Wherever a picture appears in the listing below, leave it out and reproduce the rest exactly.

DATA BELOW:
■ ■ ■ ■ ■ ■ ■
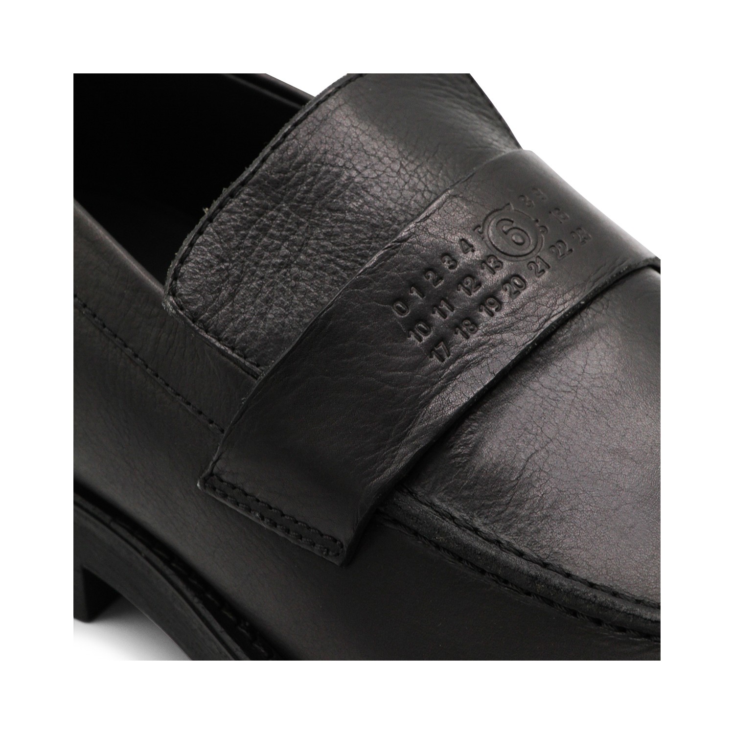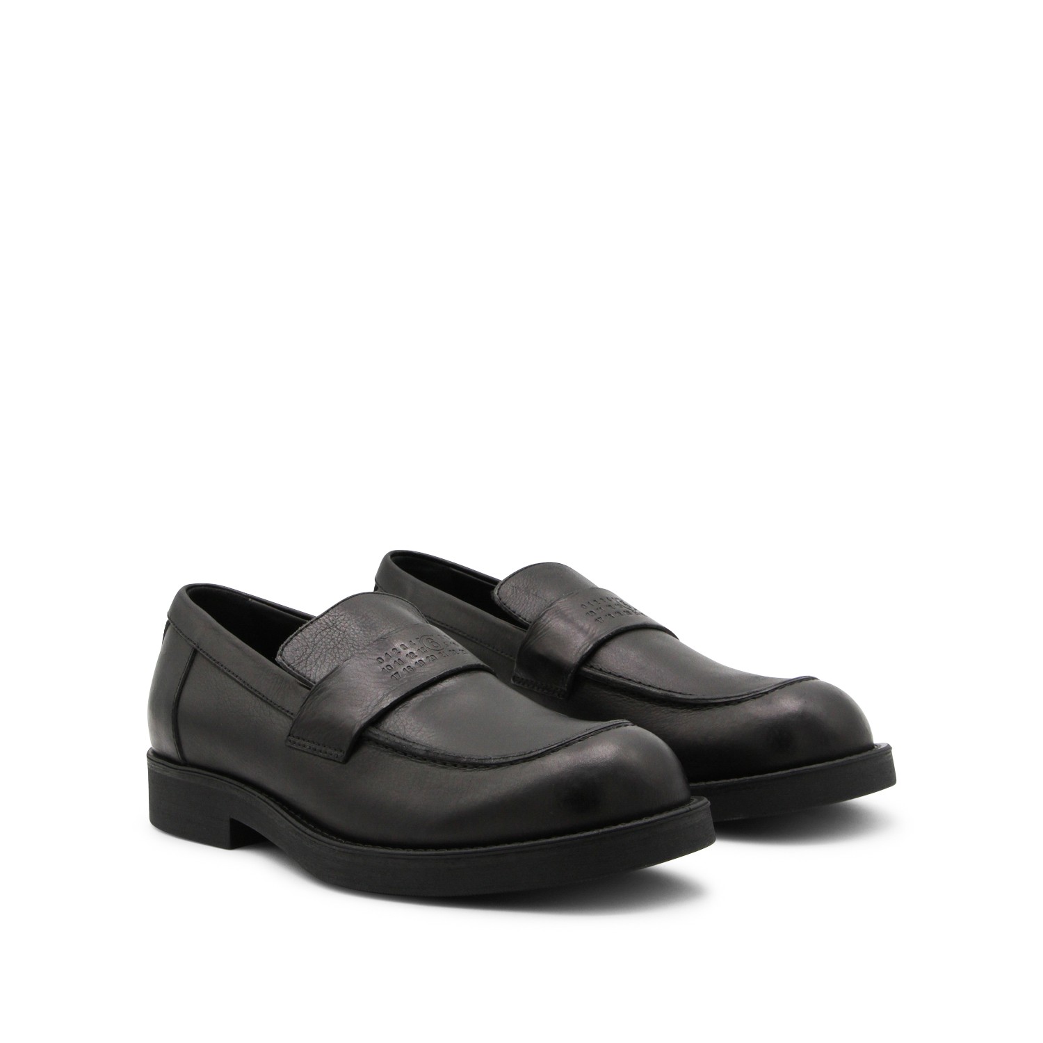 Black leather loafers from MM6 Maison Margiela featuring round toe, slip-on style, frontal logo and rubber sole.
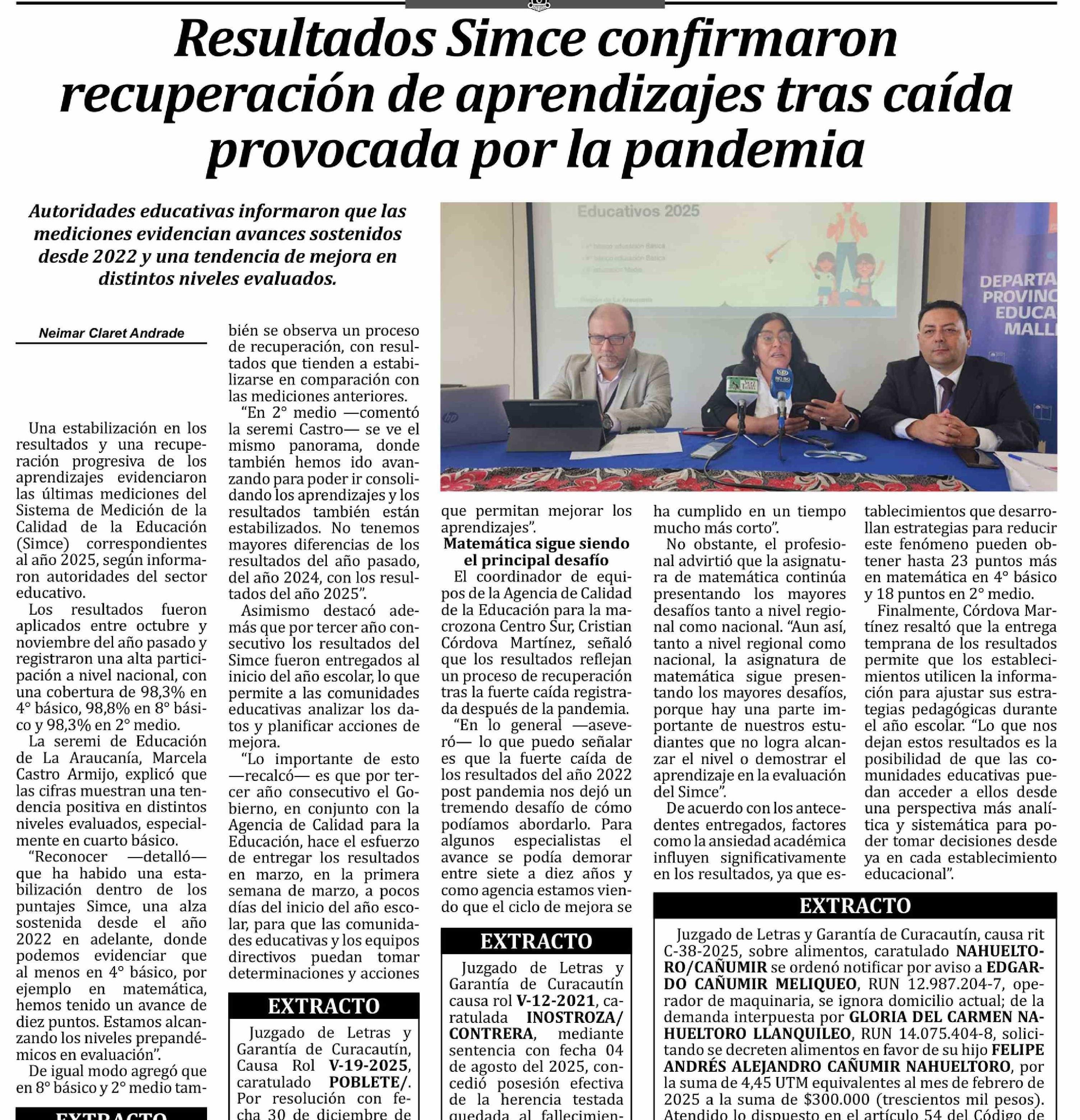 Título: Resultados Simce confirmaron recuperación de aprendizajes tras caída provocada por la pandemia
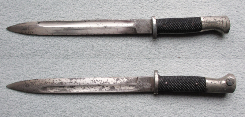 Bajonett/ Ausgeh Seitengewehr M84/98 für 98K. Das Bajonett ist noch gut erhalten, die Klinge hat etwas Rostfraß und wurde noch nicht beschliffen. An der Klinge ist der Hersteller WKC erkennbar, die Verchromung ist noch gut erhalten und die Griffschalen sind aus Bakelit, geriffelt.
■ ■ ■ ■ ■ ■ ■
ANSWER TO THIS EXERCISE:
 Black leather loafers from MM6 Maison Margiela featuring round toe, slip-on style, frontal logo and rubber sole.
 Título: Resultados Simce confirmaron recuperación de aprendizajes tras caída provocada por la pandemia
 Bajonett/ Ausgeh Seitengewehr M84/98 für 98K. Das Bajonett ist noch gut erhalten, die Klinge hat etwas Rostfraß und wurde noch nicht beschliffen. An der Klinge ist der Hersteller WKC erkennbar, die Verchromung ist noch gut erhalten und die Griffschalen sind aus Bakelit, geriffelt.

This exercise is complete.